Start of Block

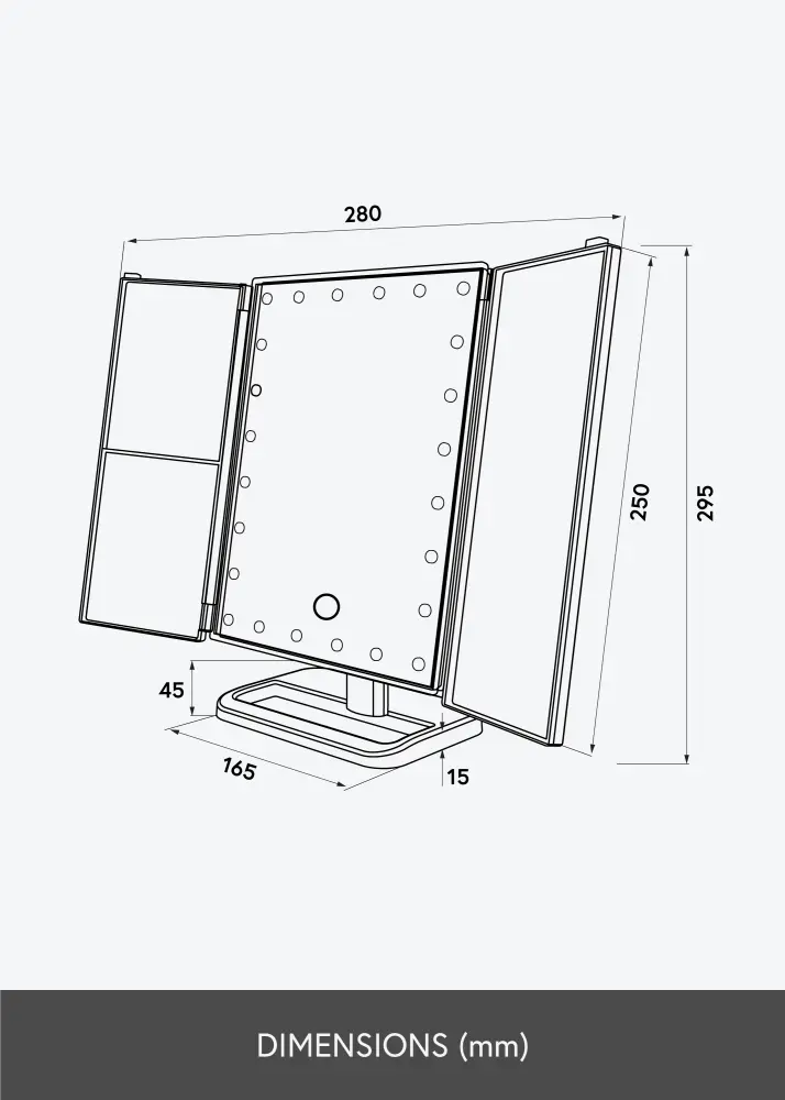 Spegeln har en stående design och en trendig nyans av roséguld. Spegelns sidor kan vikas in, vilket gör att du enkelt kan vinkla sidorna vid användning. För att du ska kunna fokusera bättre när du applicerar din makeup har spegeln 2x, 3x och 10x zoom. Zonerna med zoom-funktion är placerade på de mindre spegelytorna på spegelns sidor.
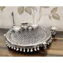 Traditional German Silver Coated Pooja Plate Set Every human being wants to have a Spiritual Connection with their Almighty and Prayer is the best way to have that Spiritual Connection. We try to make those prayers auspicious and as traditional as possible. Product Details: The Pooja Set is made of German Silver Coating and consists of all traditional items used in the Pooja. Benefits: German Silver is one of the materials that humankind has been using for some time. Keeping its benefits in mind and with advanced technology Usage: This Plate Set can be used while performing different Poojas on different occasions like Rakhi Karwa Chauth Diwali Pooja and other Pooja's. Cleaning: For cleaning use a soft sponge and liquid soap. German Siler will maintain its Glossiness. Preservation: German Silver is the friendliest metal in the environment and is easy to recycle making it the greenest natural metal. To make its life longer always dry them after washing with a cotton cloth and keep them in a dry place. If items are not in use store them at a dry place in a dry plastic bag.
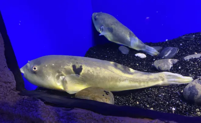 二号深海展缸长期展示的是松球鱼和狼鳗。
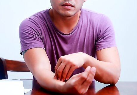 Set up for your trick. Sit at a table with your elbows on the table. Be sure you have on a shirt that is tucked in (any sleeve length is acceptable).
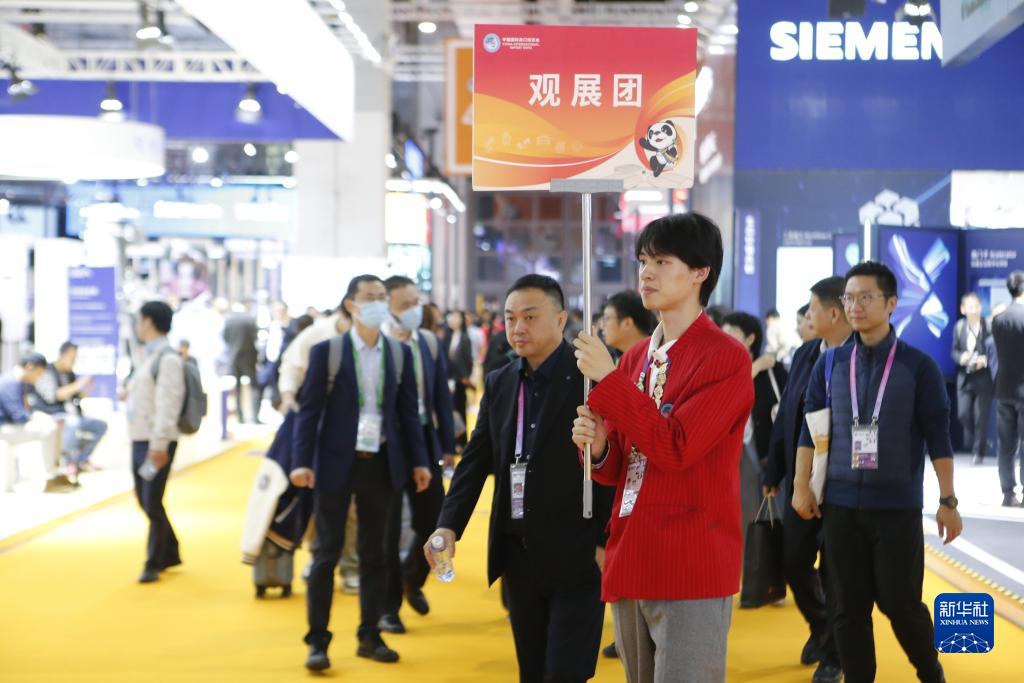 11月7日,在第六屆進(jìn)博會(huì )上,上海理工大學(xué)志愿者潘奕帆引導觀(guān)展團參觀(guān)展區。
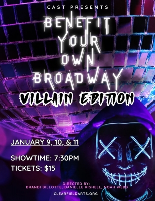 Enjoy a captivating performance of musical theater! Music, dancing, singing... What more could you ask for?! Oh... VILLIANS! Enjoy all of the fun, edgy, and dark songs from some of your favorite Broadway shows. Rated PG-13. Directed by Brandi Billotte, Danielle Rishell, Noah Webb.
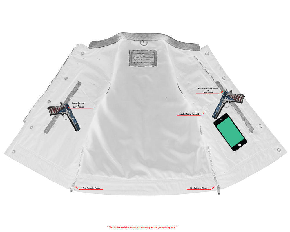 2 upgraded style concealed gun pockets between the snap and the zipper made of special heavy-duty textile with built-in holsters and snap closure.
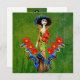 Guld och blå antik Catrina över en grön tvättad yta. Figuren är stiliserad och elegant, med en klänning i guldtoner och en blå volang som sträcker sig åt sidorna. Hon bär en elegant utsmyckad hatt också i koboltblått. I sina armar bär hon en vacker bukett röda blommor. Fira Dia de los Muertos eller De dödas dag med denna boho-design inspirerad av mexikansk konst.
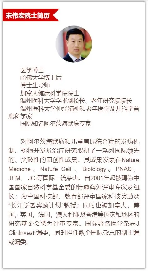 宋伟宏院士从中国人口老龄化切入,以“阿尔茨海默病发病机制和药物研发进展”为题,从分子生物学角度,以翔实的科研数据、丰富的研究图片、严谨的逻辑思维,深入浅出地阐述了阿尔茨海默病的发病机制、预防与治疗以及最新药物研发现状,同时,他介绍了本人及其科研团队在阿尔茨海默病研究上的进展及目前取得的阶段性成果,并结合自身的科研经历,强调了兴趣和专注于研究方向在从事医学科学研究工作中的重要性,并鼓励大家持续努力,在选定的领域贴上自己的“标签”。
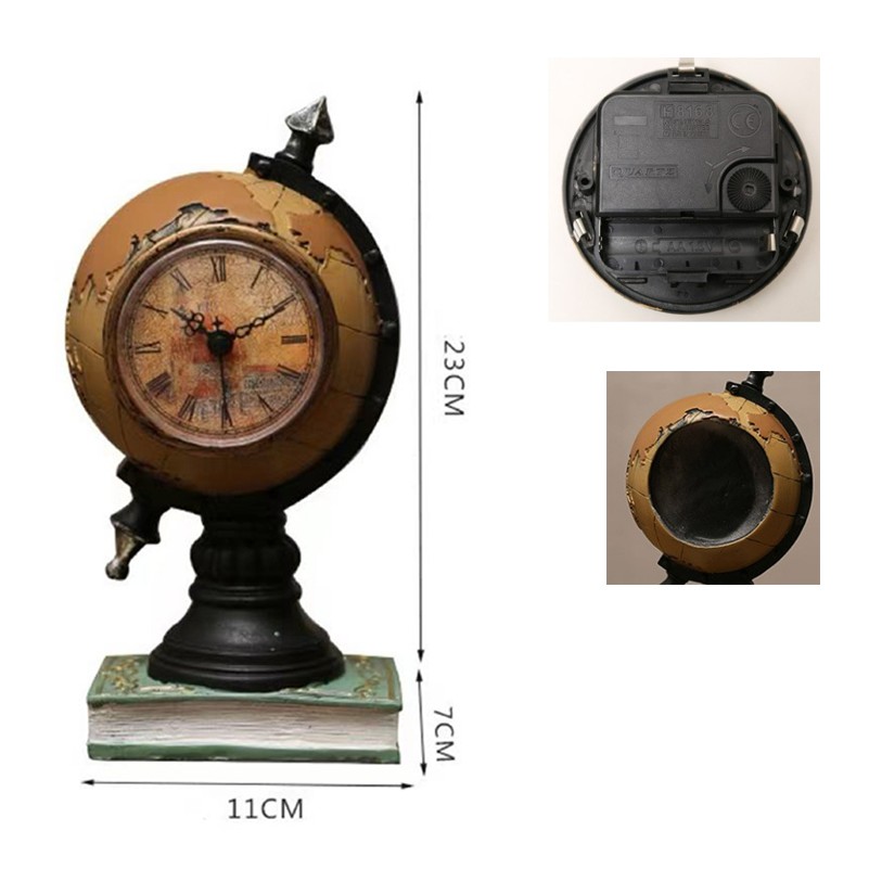 Retro Vintage Desktop Clock Globe Shaped Ornament
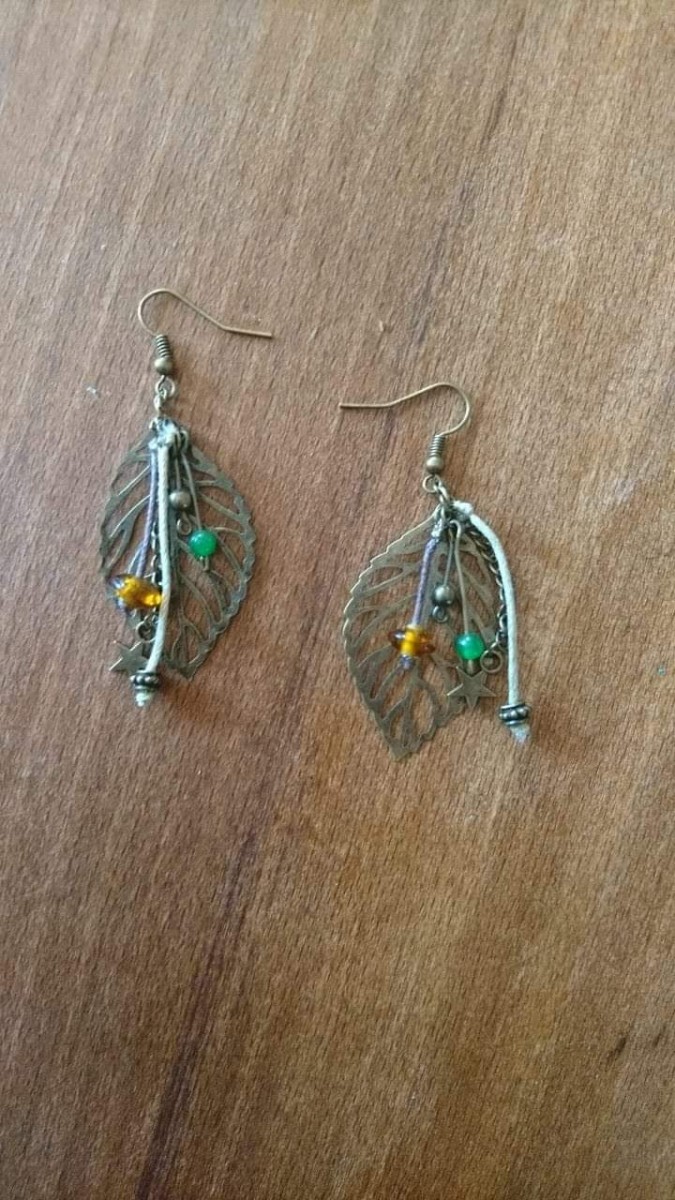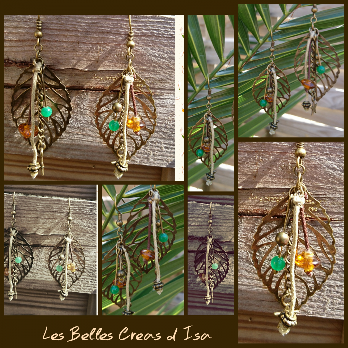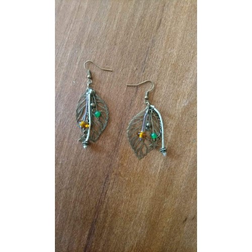 Boucles d oreilles pendantes feuilles bronzes et perles
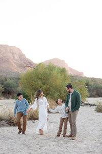 Anything neutral, light and/or NOT distracting works! In the summer, I love kiddos in bare feet if the terrain allows. As for babies who can't walk - if it's warm enough, let's see those cute toes! If it's cold out, neutral boots are adorable, or just about anything as long as it's not a distracting color. If mom is wearing a maxi dress, often times we won't be able to see those shoes so no pressure there. When all is said and done, I just want to make sure the shoes don't attract too much visual attention, we want that going to your faces!
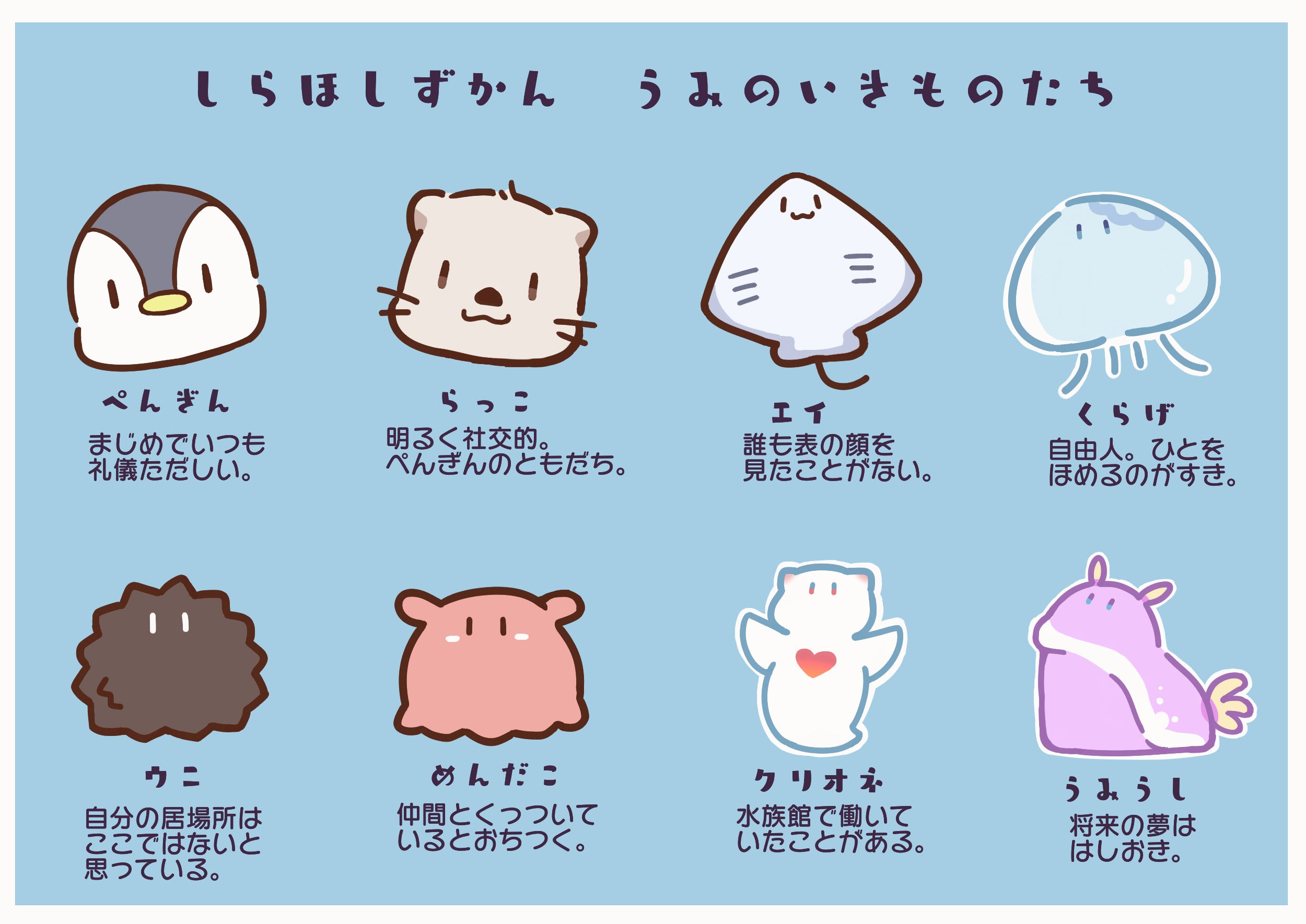 地球によく似た「しら星」の海に住むいきものたちの、ゆるいお話。
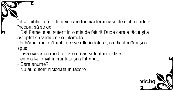 - Da! Femeile au suferit în o mie de feluri! După care a tăcut şi a aşteptat să vadă ce se întâmplă.
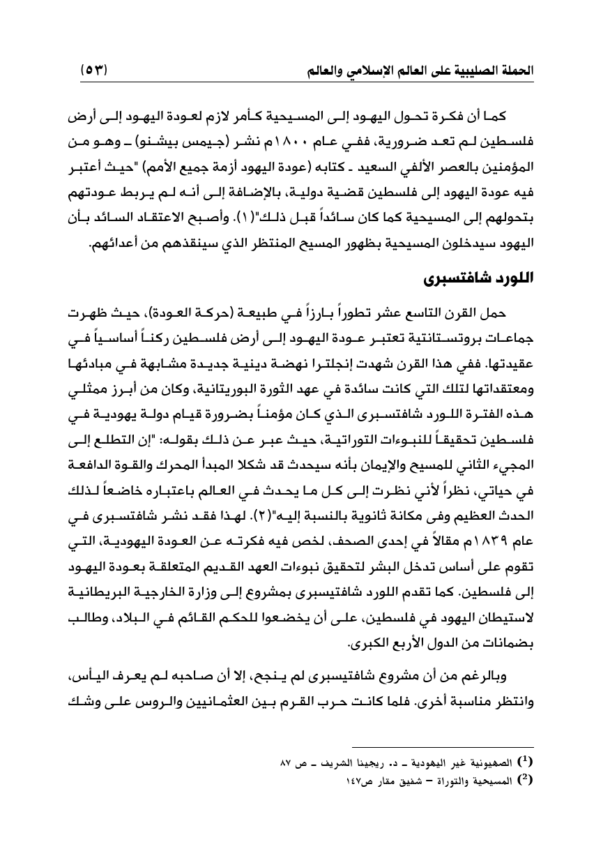 حمل القرن التاسع عشر تطوراً بارزاً في طبيعة (حركة العودة)، حيث ظهرت جماعات بروتستانتية تعتبر عودة اليهود إلى أرض فلسطين ركناً أساسياً في عقيدتها. ففي هذا القرن شهدت إنجلترا نهضة دينية جديدة مشابهة في مبادئها ومعتقداتها لتلك التي كانت سائدة في عهد الثورة البوريتانية، وكان من أبرز ممثلي هذه الفترة اللورد شافتسبرى الذي كان مؤمناً بضرورة قيام دولة يهودية في فلسطين تحقيقاً للنبوءات التوراتية، حيث عبر عن ذلك بقوله: "إن التطلع إلى المجيء الثاني للمسيح والإيمان بأنه سيحدث قد شكلا المبدأ المحرك والقوة الدافعة في حياتي، نظراً لأني نظرت إلى كل ما يحدث في العالم باعتباره خاضعاً لذلك الحدث العظيم وفي مكانة ثانوية بالنسبة إليه" (¬2). لهذا فقد نشر شافتسبرى في عام 1839م مقالاً في إحدى الصحف، لخص فيه فكرته عن العودة اليهودية، التي تقوم على أساس تدخل البشر لتحقيق نبوءات العهد القديم المتعلقة بعودة اليهود إلى فلسطين. كما تقدم اللورد شافتيسبرى بمشروع إلى وزارة الخارجية البريطانية لاستيطان اليهود في فلسطين، على أن يخضعوا للحكم القائم في البلاد، وطالب بضمانات من الدول الأربع الكبرى.

End of Block

▶ **Exercise**
Skip every picture, and restate word for word only the lines above from the line containing "Enjoy a captivating" to the line containing "2 upgraded style", both of them included.

▶ **Answer section**
 Enjoy a captivating performance of musical theater! Music, dancing, singing... What more could you ask for?! Oh... VILLIANS! Enjoy all of the fun, edgy, and dark songs from some of your favorite Broadway shows. Rated PG-13. Directed by Brandi Billotte, Danielle Rishell, Noah Webb.
 2 upgraded style concealed gun pockets between the snap and the zipper made of special heavy-duty textile with built-in holsters and snap closure.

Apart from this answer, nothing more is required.